_ACTIVITY:_ Write out every line exactly, from the start of the records below to the line with "Если агрегаторы по", and stop there. Don't write out the pictures.

_DATA:_
◆ ◆ ◆ ◆ ◆
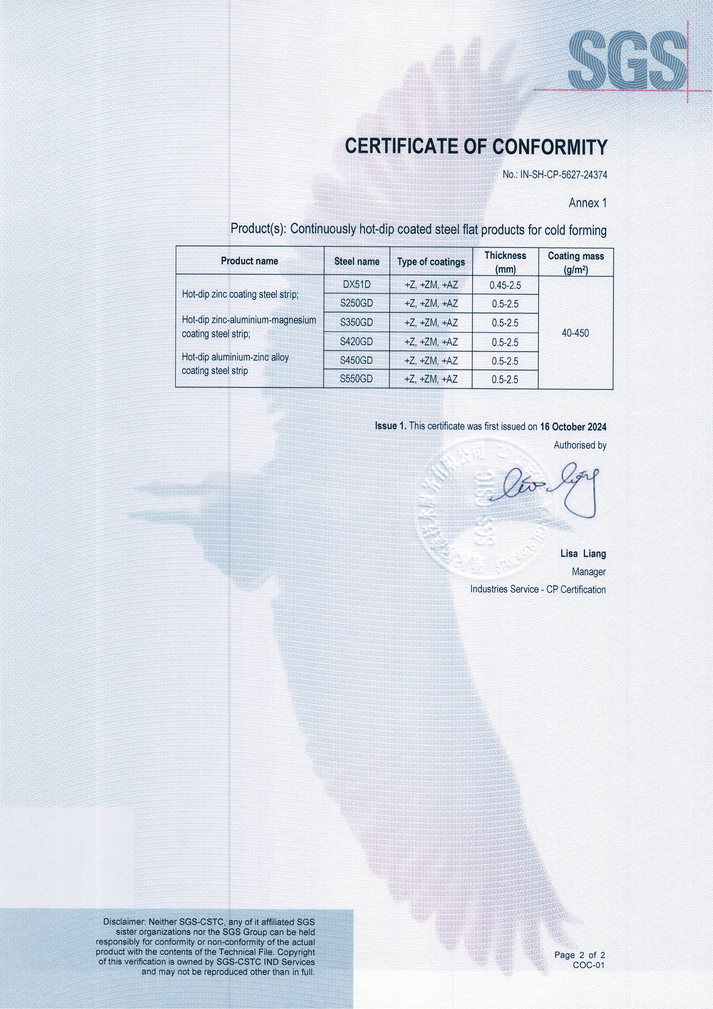 永碩EN 10346歐標(biāo)熱鍍標(biāo)準(zhǔn)SGS認(rèn)證(第二頁)
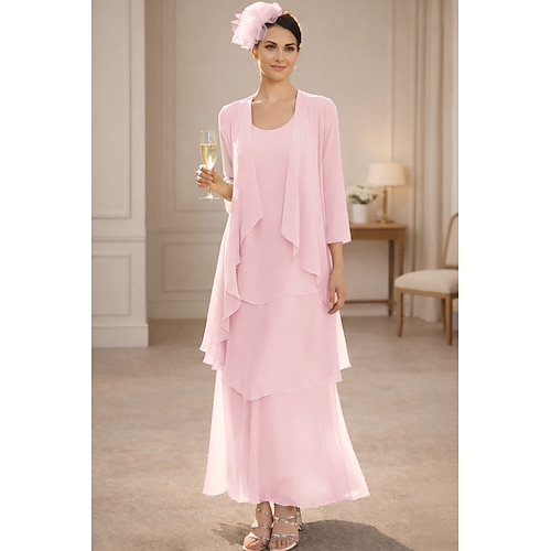 Tre Pezzi Lunghezza al pavimento Abito da cerimonia per signora Senza Maniche Scollo a Barca Elegante Taglie Forti Ospite di nozze Chiffon Con Stola con Tinta unita
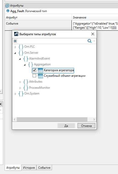 Если агрегаторы по ветке должны агрегировать события разных объектов ветки, добавьте созданному типу атрибут Категория агрегатора (Om.Server –> AlarmAndEvent -> Aggregation). Значение можно оставить пустым, либо указать любое значение по умолчанию. Агрегаторам этого типа, находящимся в разных объектах одной ветки, можно будет указать разные названия категорий агрегатора. Тогда агрегаторы разных категорий будут агрегировать события с разных объектов одной ветки.
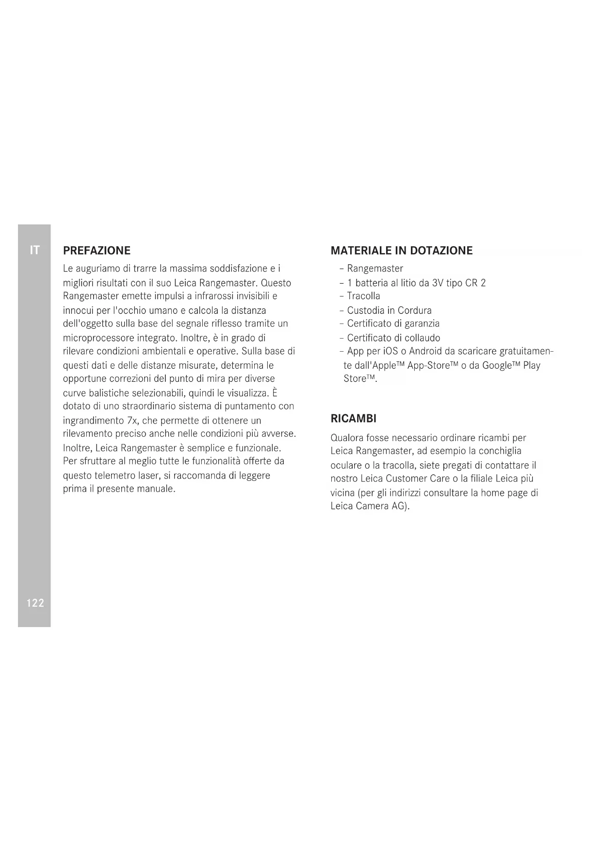 – Rangemaster – 1 batteria al litio da 3V tipo CR 2 – Tracolla – Custodia in Cordura – Certificato di garanzia – Certificato di collaudo – App per iOS o Android da scaricare gratuitamen- te dall'Apple™ App-Store™ o da Google™ Play Store™. RICAMBI Qualora fosse necessario ordinare ricambi per Leica Rangemaster, ad esempio la conchiglia oculare o la tracolla, siete pregati di contattare il nostro Leica Customer Care o la filiale Leica più vicina (per gli indirizzi consultare la home page di Leica Camera AG). PREFAZIONE Le auguriamo di trarre la massima soddisfazione e i migliori risultati con il suo Leica Rangemaster. Questo Rangemaster emette impulsi a infrarossi invisibili e innocui per l'occhio umano e calcola la distanza dell'oggetto sulla base del segnale riflesso tramite un microprocessore integrato. Inoltre, è in grado di rilevare condizioni ambientali e operative. Sulla base di questi dati e delle distanze misurate, determina le opportune correzioni del punto di mira per diverse curve balistiche selezionabili, quindi le visualizza. È dotato di uno straordinario sistema di puntamento con ingrandimento 7x, che permette di ottenere un rilevamento preciso anche nelle condizioni più avverse. Inoltre, Leica Rangemaster è semplice e funzionale. Per sfruttare al meglio tutte le funzionalità offerte da questo telemetro laser, si raccomanda di leggere prima il presente manuale.IT
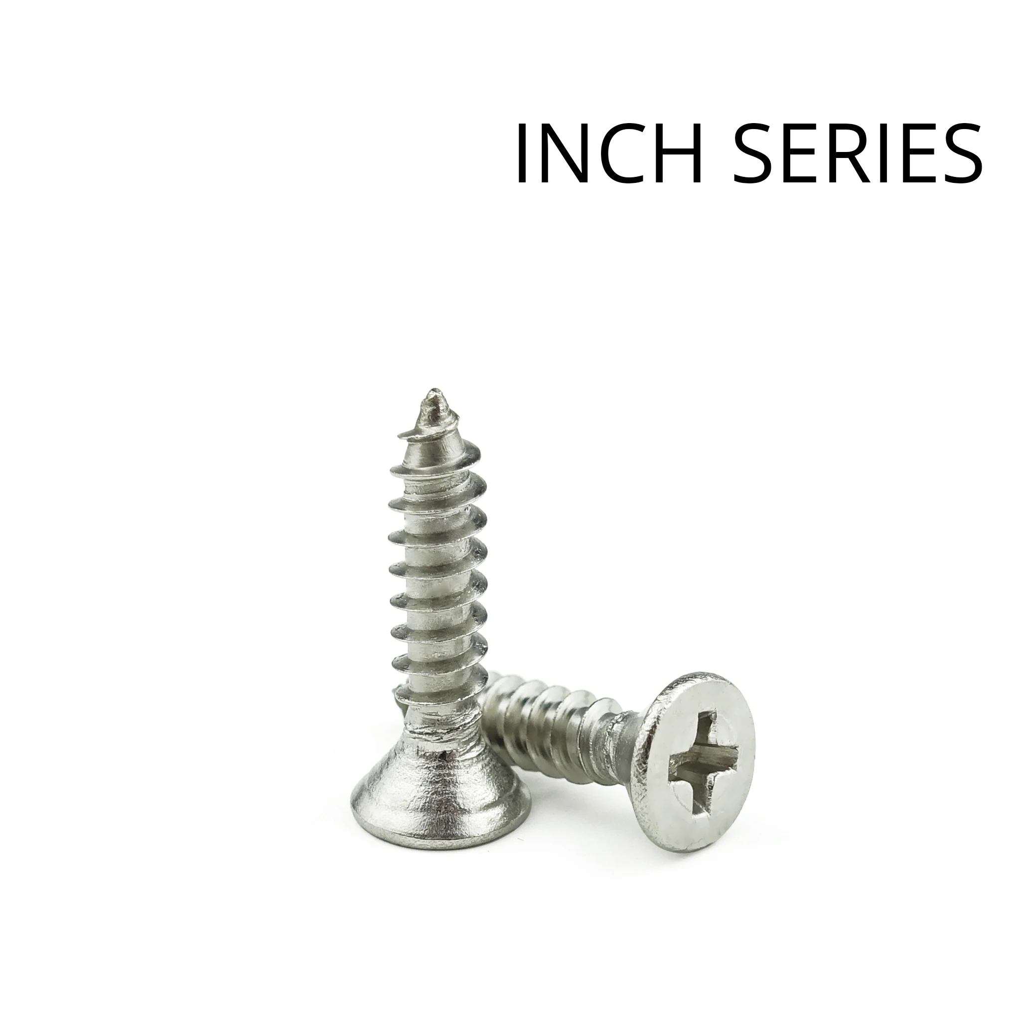 Дюймовая серия саморезов 304 нержавеющая сталь Tornillos листового металла шурупы по дереву с плоской головкой Phillips
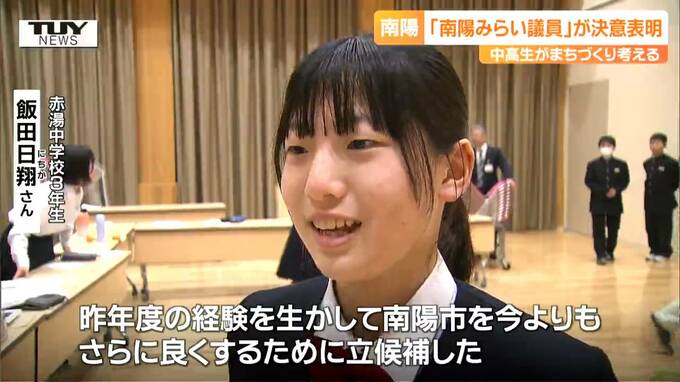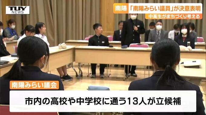2年目を迎える今年度は、南陽みらい議会の議員に市内の高校や中学校に通う13人が立候補しました。
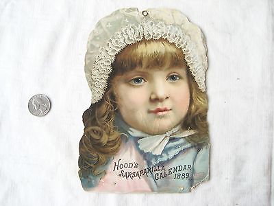 "HOOD'S SARSAPARILLA CALENDAR 1889" quack medicine adv. girl in bonnet as is
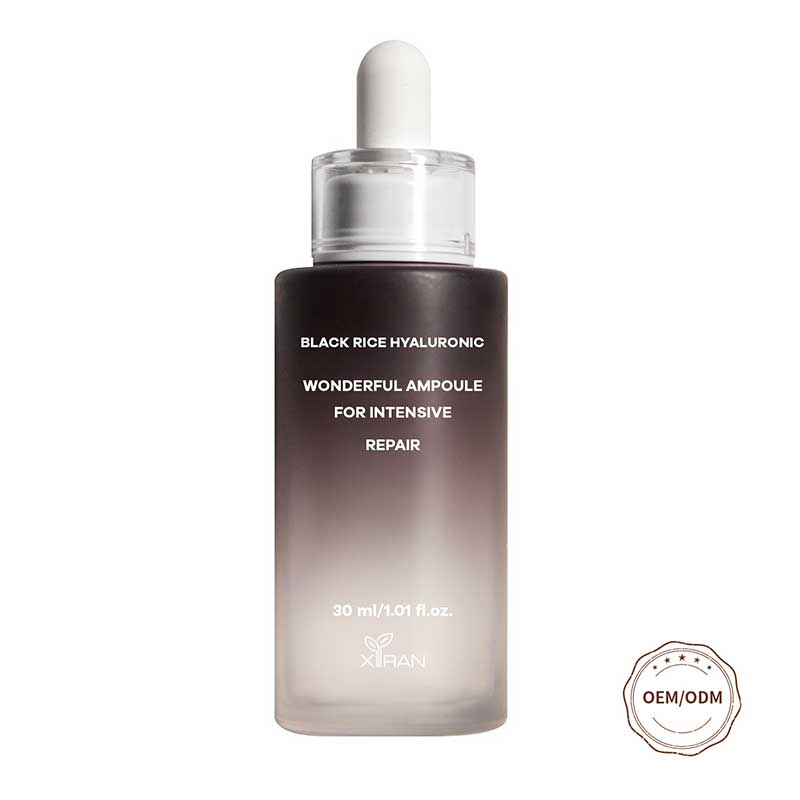 Private Label Black Rice Essence Serum.Infused with Black Rice Extract, Hyaluronic Acid and Adenosine. Delivers deep hydration, reduces wrinkles, and boosts skin elasticity for firmer, glowing skin.
◆ ◆ ◆ ◆ ◆
_WRITTEN SOLUTION:_
 永碩EN 10346歐標(biāo)熱鍍標(biāo)準(zhǔn)SGS認(rèn)證(第二頁)
 Tre Pezzi Lunghezza al pavimento Abito da cerimonia per signora Senza Maniche Scollo a Barca Elegante Taglie Forti Ospite di nozze Chiffon Con Stola con Tinta unita
 Если агрегаторы по ветке должны агрегировать события разных объектов ветки, добавьте созданному типу атрибут Категория агрегатора (Om.Server –> AlarmAndEvent -> Aggregation). Значение можно оставить пустым, либо указать любое значение по умолчанию. Агрегаторам этого типа, находящимся в разных объектах одной ветки, можно будет указать разные названия категорий агрегатора. Тогда агрегаторы разных категорий будут агрегировать события с разных объектов одной ветки.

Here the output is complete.